Data extracts Block Start

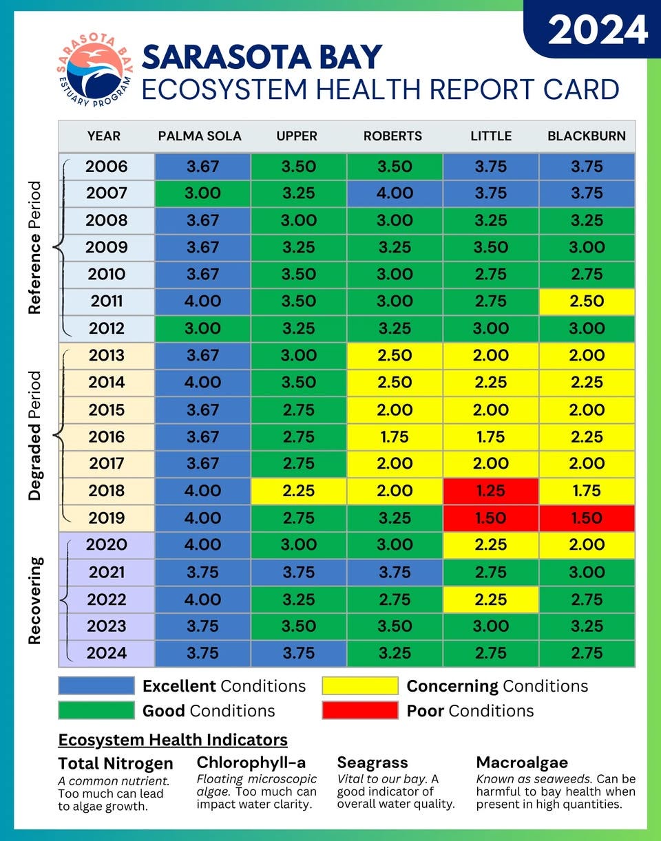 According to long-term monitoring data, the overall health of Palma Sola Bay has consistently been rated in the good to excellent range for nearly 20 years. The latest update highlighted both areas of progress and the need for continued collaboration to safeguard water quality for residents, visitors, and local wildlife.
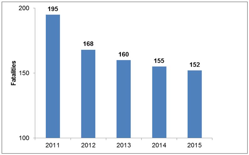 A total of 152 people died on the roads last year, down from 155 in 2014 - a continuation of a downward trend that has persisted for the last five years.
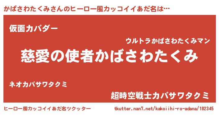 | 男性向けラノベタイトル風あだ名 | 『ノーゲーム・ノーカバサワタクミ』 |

Data extracts Block End
Data extracts Block Start

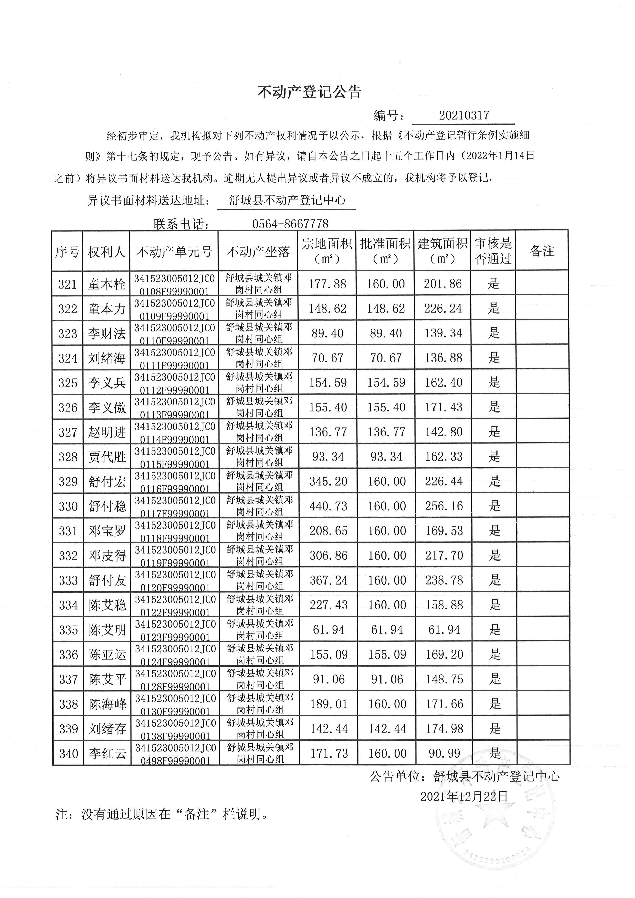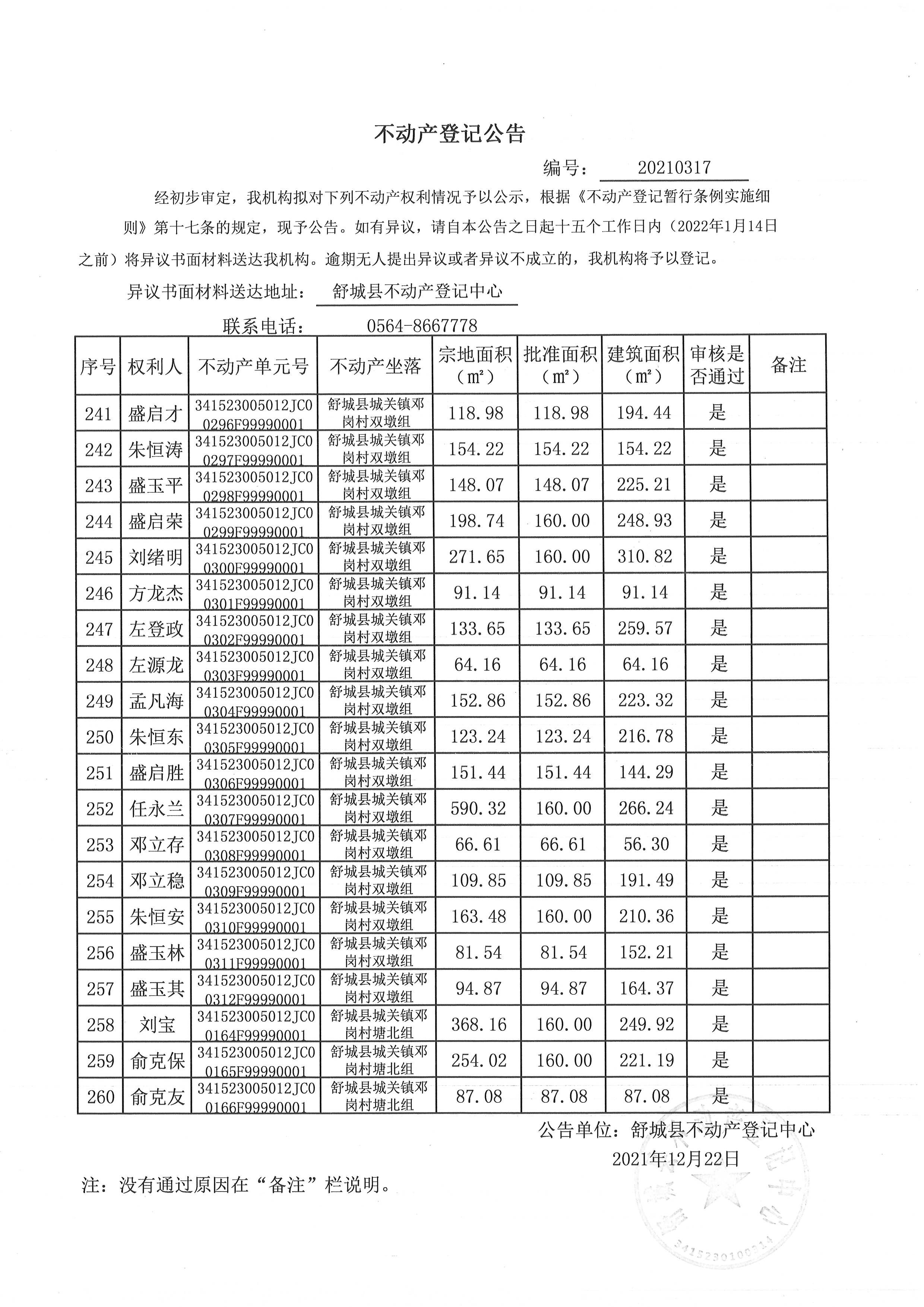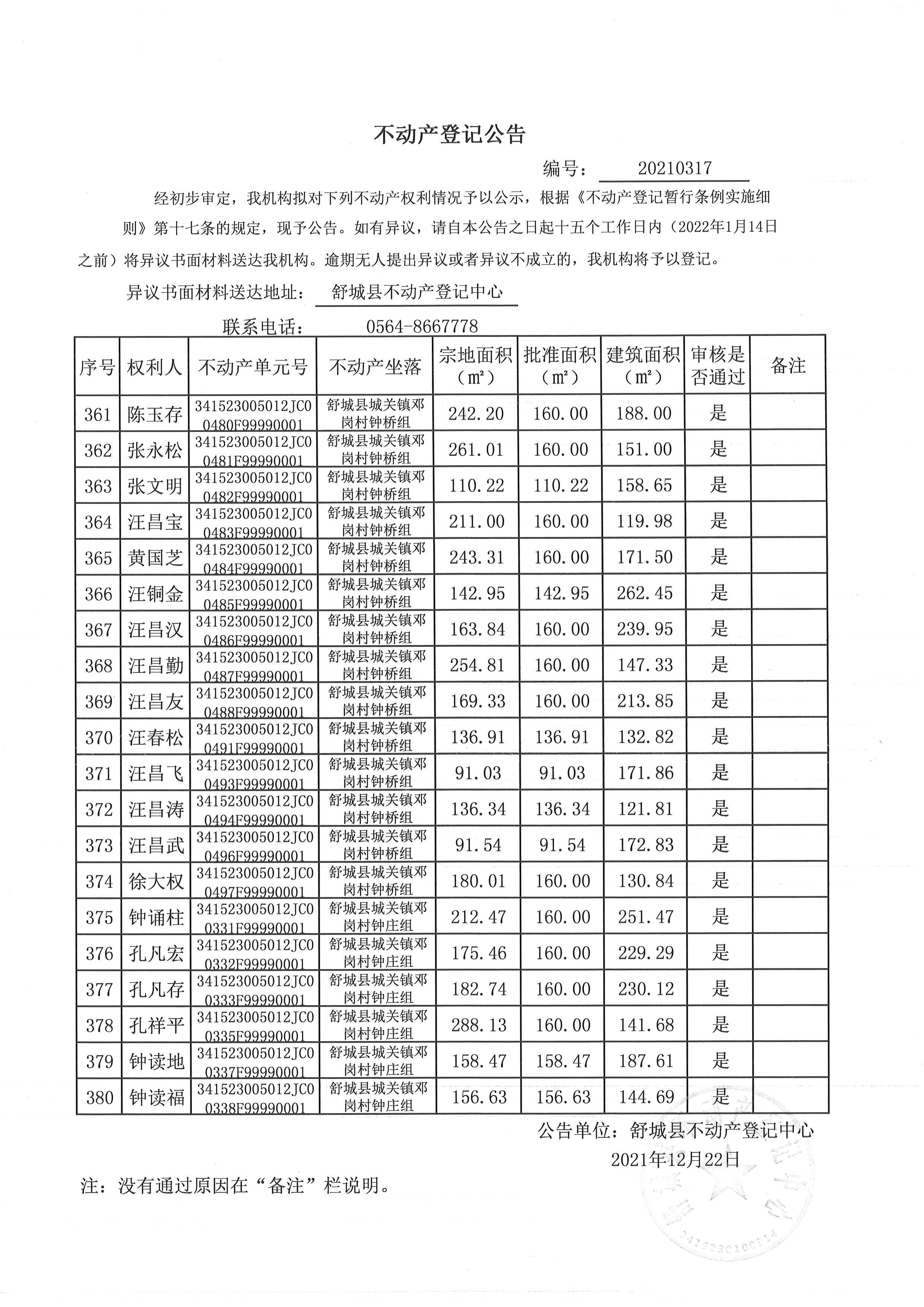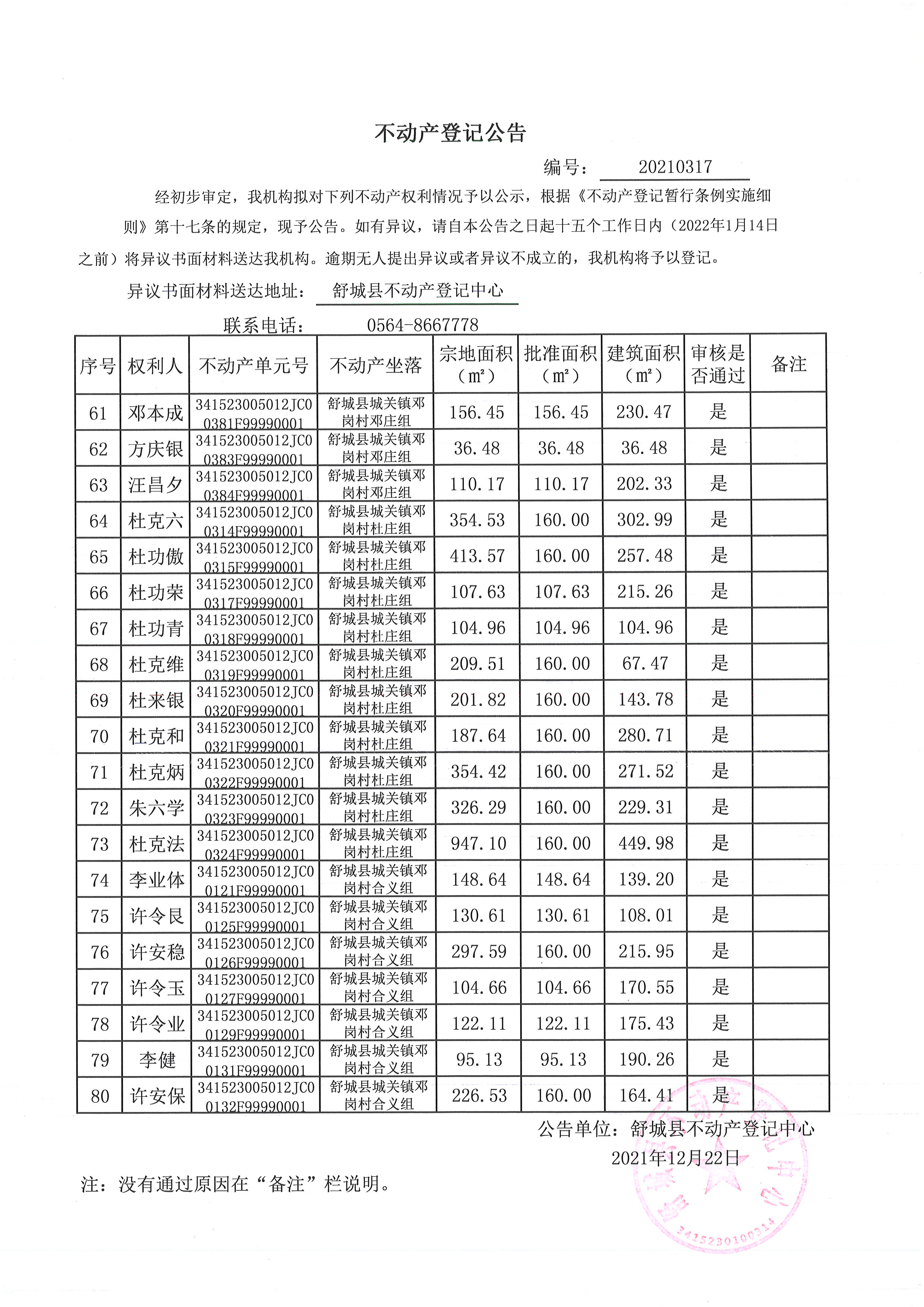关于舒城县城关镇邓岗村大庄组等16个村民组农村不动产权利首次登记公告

Data extracts Block End
Data extracts Block Start

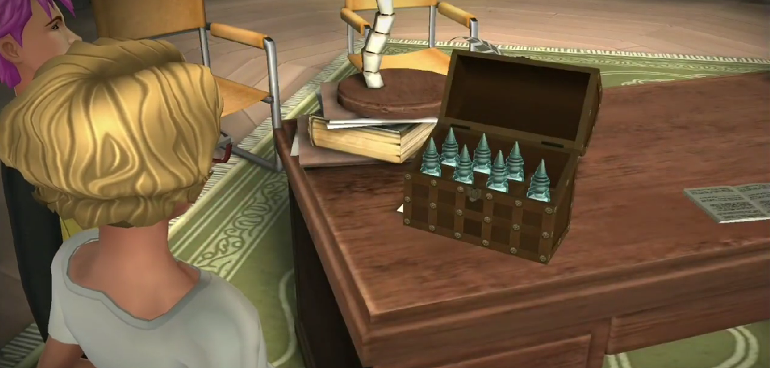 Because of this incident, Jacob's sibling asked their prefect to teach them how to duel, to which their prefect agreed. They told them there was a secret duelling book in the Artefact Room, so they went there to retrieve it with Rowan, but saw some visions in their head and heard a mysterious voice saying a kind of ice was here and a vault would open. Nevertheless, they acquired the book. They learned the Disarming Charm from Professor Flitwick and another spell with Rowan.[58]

Data extracts Block End

◆ **What you have to do**: Go back to the lines above and output, exactly as they stand, the ones from the line containing "According to long-term" to the line containing "男性向けラノベタイトル風あだ名 | 『ノーゲーム・ノーカバサワタクミ』 |". Leave all pictures behind.

◆ **Response for this exercise**:
 According to long-term monitoring data, the overall health of Palma Sola Bay has consistently been rated in the good to excellent range for nearly 20 years. The latest update highlighted both areas of progress and the need for continued collaboration to safeguard water quality for residents, visitors, and local wildlife.
 A total of 152 people died on the roads last year, down from 155 in 2014 - a continuation of a downward trend that has persisted for the last five years.
 | 男性向けラノベタイトル風あだ名 | 『ノーゲーム・ノーカバサワタクミ』 |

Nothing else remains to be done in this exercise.